++++ INPUT FOR THIS TASK

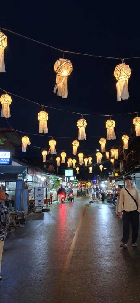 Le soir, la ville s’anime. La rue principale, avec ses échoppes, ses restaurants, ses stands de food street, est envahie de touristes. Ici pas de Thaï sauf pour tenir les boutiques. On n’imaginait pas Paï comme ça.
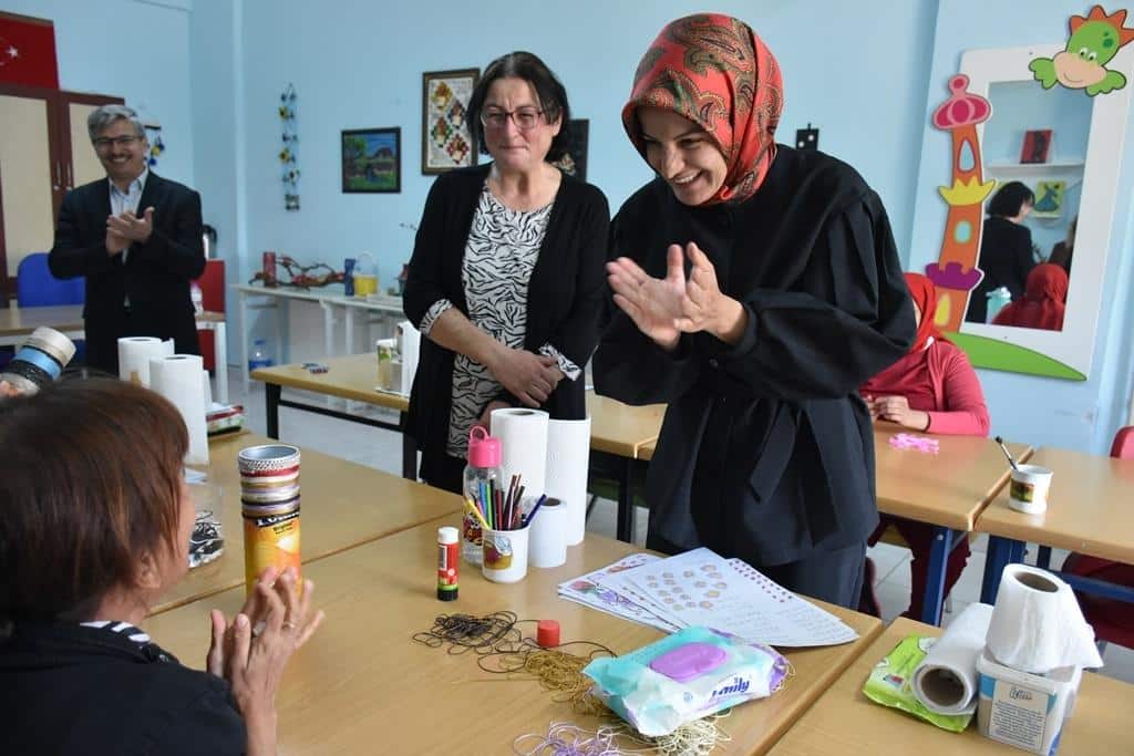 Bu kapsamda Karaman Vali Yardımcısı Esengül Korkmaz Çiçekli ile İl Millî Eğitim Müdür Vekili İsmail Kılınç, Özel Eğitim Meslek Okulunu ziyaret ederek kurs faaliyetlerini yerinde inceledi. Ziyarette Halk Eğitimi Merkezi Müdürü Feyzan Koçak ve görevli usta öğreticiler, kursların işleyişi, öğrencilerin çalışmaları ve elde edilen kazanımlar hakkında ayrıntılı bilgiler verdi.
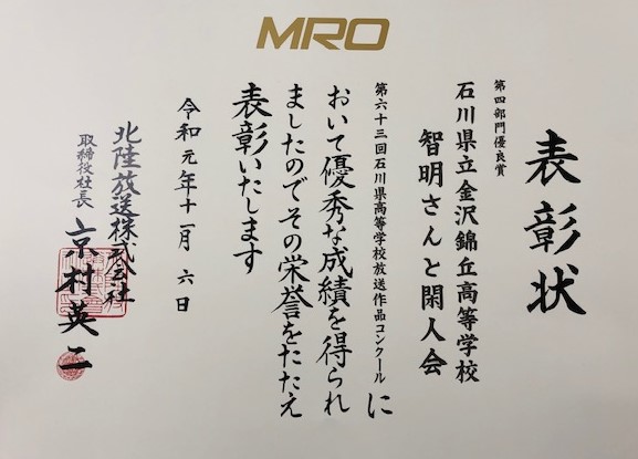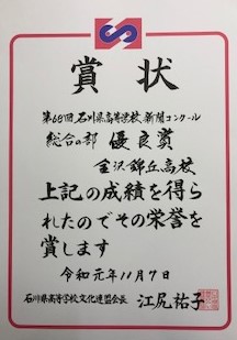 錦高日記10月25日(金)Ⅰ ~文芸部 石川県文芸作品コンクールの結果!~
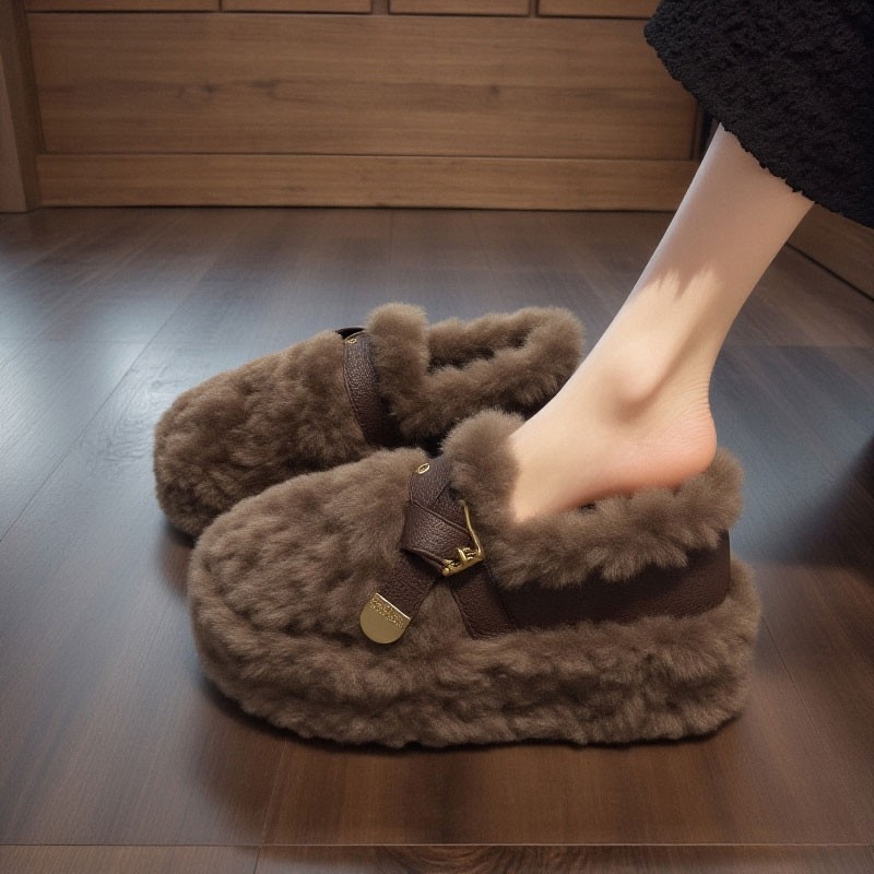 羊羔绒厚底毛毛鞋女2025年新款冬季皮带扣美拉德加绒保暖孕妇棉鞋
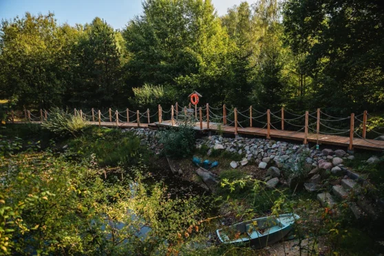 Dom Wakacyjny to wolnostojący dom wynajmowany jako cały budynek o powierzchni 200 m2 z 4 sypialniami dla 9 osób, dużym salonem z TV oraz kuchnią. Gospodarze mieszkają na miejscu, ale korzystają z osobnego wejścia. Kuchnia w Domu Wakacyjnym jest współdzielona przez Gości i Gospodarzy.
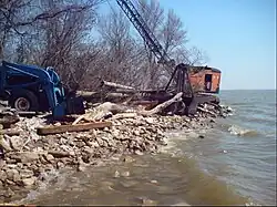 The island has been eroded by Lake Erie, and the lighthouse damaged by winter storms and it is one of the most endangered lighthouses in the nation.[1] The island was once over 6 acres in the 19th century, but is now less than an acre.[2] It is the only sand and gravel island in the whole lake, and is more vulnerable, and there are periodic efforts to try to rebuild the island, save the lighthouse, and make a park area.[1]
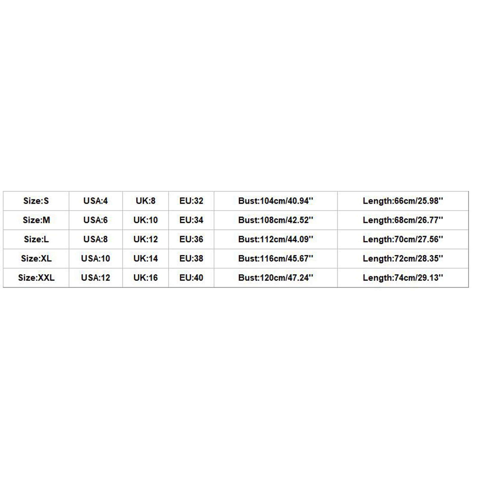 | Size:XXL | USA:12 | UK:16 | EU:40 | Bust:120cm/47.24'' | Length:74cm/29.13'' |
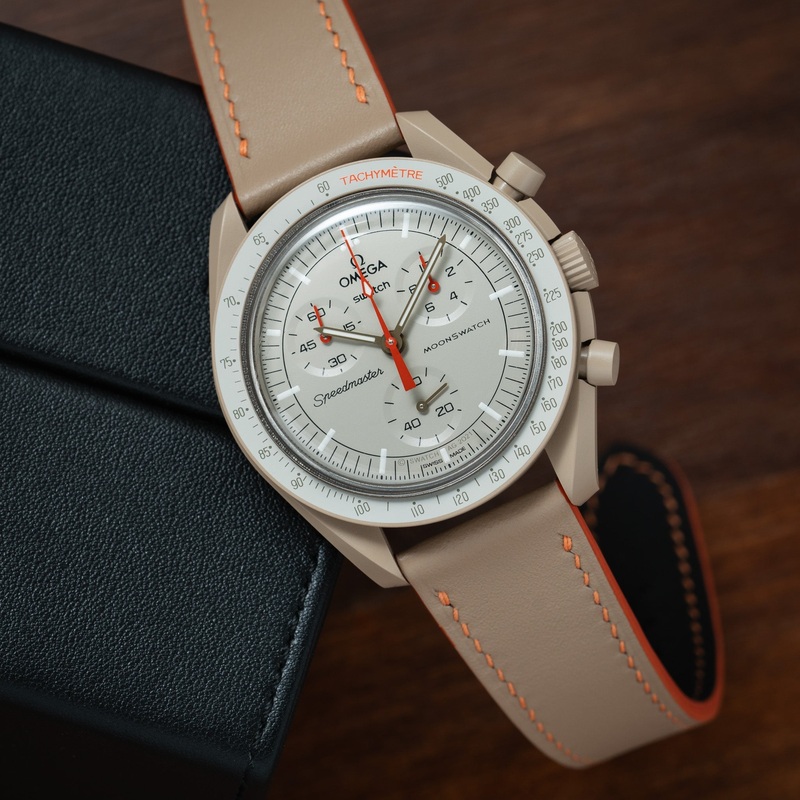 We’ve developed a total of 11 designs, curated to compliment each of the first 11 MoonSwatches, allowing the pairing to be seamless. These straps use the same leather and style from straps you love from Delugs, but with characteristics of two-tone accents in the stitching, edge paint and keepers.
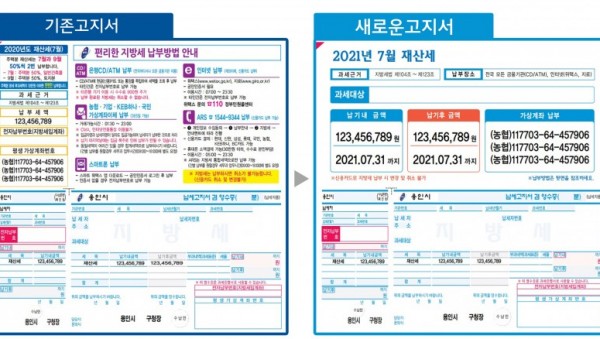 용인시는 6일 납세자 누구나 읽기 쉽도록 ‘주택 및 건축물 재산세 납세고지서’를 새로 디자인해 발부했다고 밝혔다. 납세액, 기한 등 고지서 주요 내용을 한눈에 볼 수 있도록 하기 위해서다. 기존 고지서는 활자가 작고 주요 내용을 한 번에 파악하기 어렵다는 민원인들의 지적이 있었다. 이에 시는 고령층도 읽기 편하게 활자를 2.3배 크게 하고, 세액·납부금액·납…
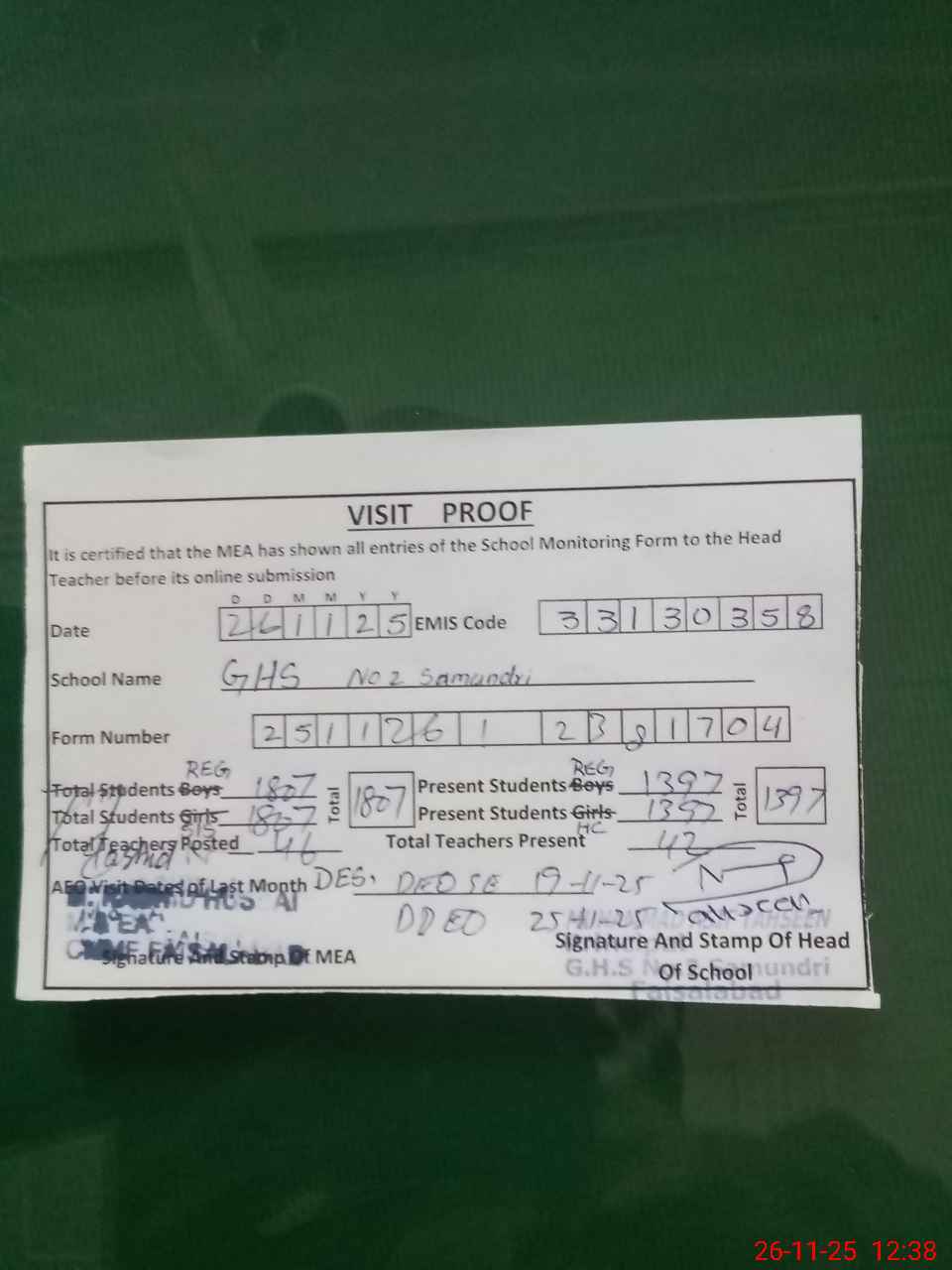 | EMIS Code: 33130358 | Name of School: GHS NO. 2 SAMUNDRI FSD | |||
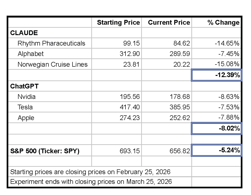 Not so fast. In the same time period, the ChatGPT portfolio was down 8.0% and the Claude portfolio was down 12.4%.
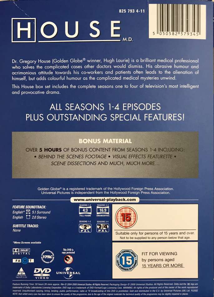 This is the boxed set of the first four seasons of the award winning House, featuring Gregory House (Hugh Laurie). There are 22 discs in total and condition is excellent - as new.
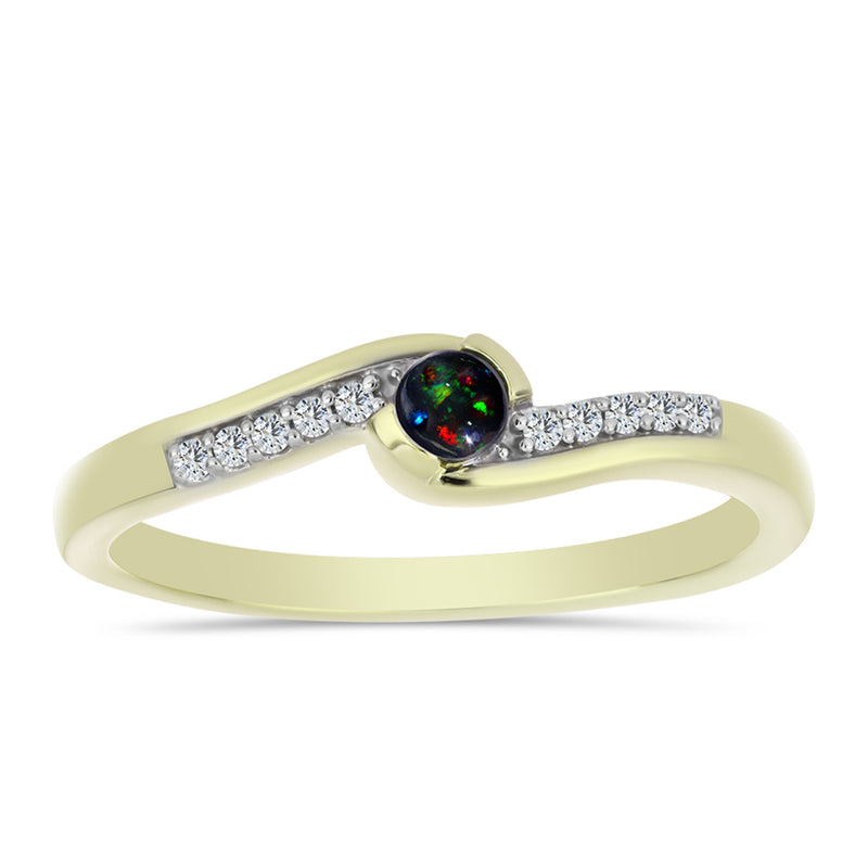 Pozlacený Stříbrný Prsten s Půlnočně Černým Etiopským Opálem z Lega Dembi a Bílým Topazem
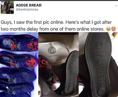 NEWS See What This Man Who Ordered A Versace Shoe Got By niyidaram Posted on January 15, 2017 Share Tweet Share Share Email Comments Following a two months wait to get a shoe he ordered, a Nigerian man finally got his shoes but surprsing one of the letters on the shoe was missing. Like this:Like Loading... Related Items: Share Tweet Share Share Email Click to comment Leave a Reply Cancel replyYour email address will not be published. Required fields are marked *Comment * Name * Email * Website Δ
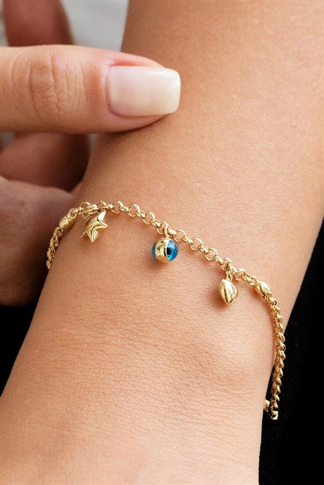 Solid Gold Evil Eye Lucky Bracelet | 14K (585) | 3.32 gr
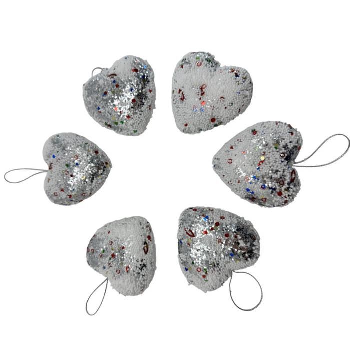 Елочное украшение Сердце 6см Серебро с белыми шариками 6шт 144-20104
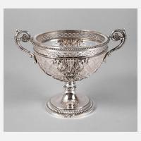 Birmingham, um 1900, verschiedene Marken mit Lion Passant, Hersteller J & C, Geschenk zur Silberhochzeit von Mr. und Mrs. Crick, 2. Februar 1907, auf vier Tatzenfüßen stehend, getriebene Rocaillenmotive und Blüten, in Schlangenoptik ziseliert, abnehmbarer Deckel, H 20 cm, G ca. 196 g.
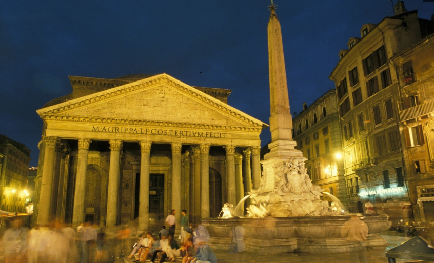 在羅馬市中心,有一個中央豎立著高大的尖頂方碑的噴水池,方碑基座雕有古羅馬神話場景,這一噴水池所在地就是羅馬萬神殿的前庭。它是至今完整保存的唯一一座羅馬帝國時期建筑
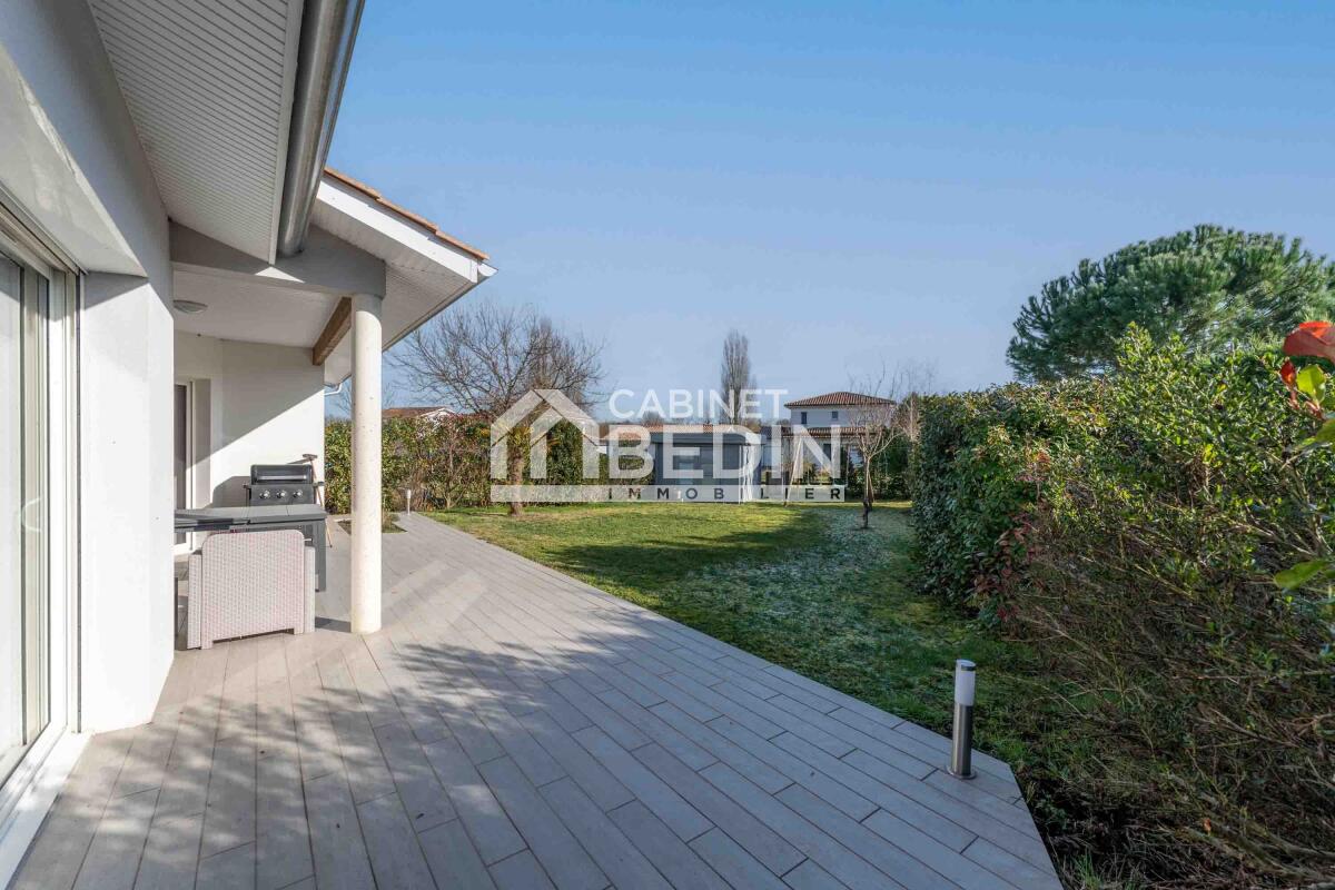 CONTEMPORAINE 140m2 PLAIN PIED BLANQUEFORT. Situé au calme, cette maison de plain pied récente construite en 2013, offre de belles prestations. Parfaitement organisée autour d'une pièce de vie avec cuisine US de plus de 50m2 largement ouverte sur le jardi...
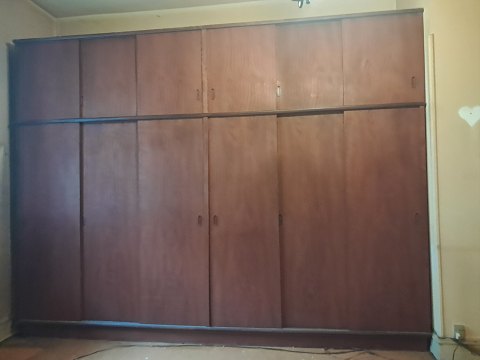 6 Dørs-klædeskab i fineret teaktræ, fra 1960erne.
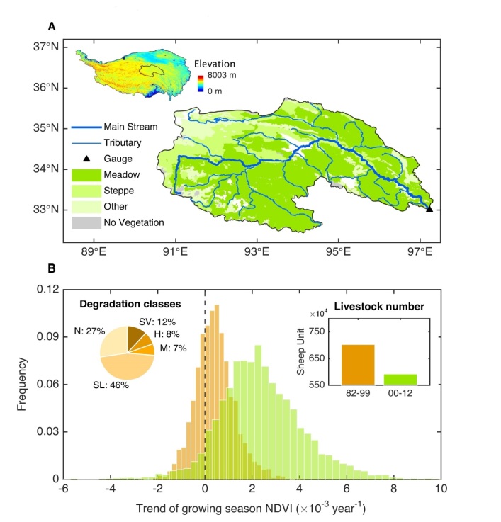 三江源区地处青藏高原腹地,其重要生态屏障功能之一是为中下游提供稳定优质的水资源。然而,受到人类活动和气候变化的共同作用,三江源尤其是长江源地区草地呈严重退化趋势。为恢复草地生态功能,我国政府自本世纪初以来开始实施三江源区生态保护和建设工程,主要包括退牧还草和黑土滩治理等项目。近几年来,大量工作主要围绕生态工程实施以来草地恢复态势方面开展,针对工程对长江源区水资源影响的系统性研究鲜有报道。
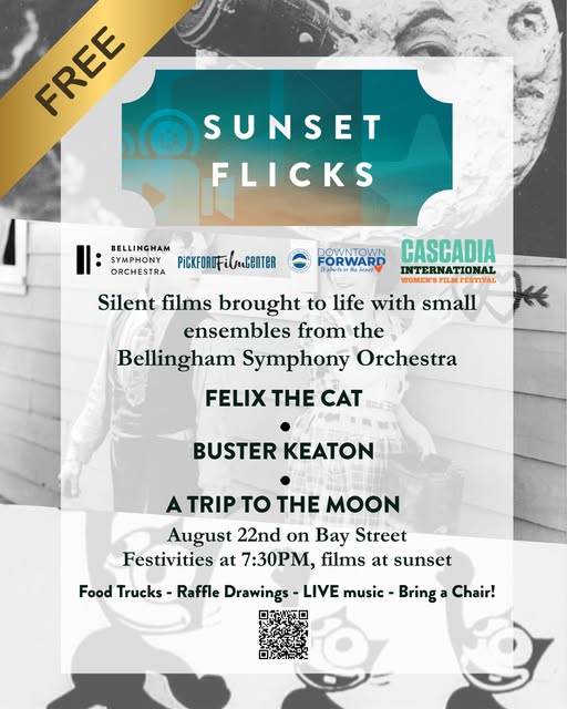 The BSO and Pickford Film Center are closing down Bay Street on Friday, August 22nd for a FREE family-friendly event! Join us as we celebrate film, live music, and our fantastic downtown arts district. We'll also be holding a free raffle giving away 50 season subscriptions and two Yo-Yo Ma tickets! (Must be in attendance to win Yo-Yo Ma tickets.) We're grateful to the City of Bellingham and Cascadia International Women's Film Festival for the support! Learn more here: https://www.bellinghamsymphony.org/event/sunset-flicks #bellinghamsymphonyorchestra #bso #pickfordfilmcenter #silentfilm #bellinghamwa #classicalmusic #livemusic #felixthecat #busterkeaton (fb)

++++++++

= EXERCISE =
Set down again, word for word, every line from the one with "We’ve developed a" to the one with "Pozlacený Stříbrný Prsten" in the entries above, and omit the pictures.

= FINISHED TASK =
 We’ve developed a total of 11 designs, curated to compliment each of the first 11 MoonSwatches, allowing the pairing to be seamless. These straps use the same leather and style from straps you love from Delugs, but with characteristics of two-tone accents in the stitching, edge paint and keepers.
 용인시는 6일 납세자 누구나 읽기 쉽도록 ‘주택 및 건축물 재산세 납세고지서’를 새로 디자인해 발부했다고 밝혔다. 납세액, 기한 등 고지서 주요 내용을 한눈에 볼 수 있도록 하기 위해서다. 기존 고지서는 활자가 작고 주요 내용을 한 번에 파악하기 어렵다는 민원인들의 지적이 있었다. 이에 시는 고령층도 읽기 편하게 활자를 2.3배 크게 하고, 세액·납부금액·납…
 | EMIS Code: 33130358 | Name of School: GHS NO. 2 SAMUNDRI FSD | |||
 Not so fast. In the same time period, the ChatGPT portfolio was down 8.0% and the Claude portfolio was down 12.4%.
 This is the boxed set of the first four seasons of the award winning House, featuring Gregory House (Hugh Laurie). There are 22 discs in total and condition is excellent - as new.
 Pozlacený Stříbrný Prsten s Půlnočně Černým Etiopským Opálem z Lega Dembi a Bílým Topazem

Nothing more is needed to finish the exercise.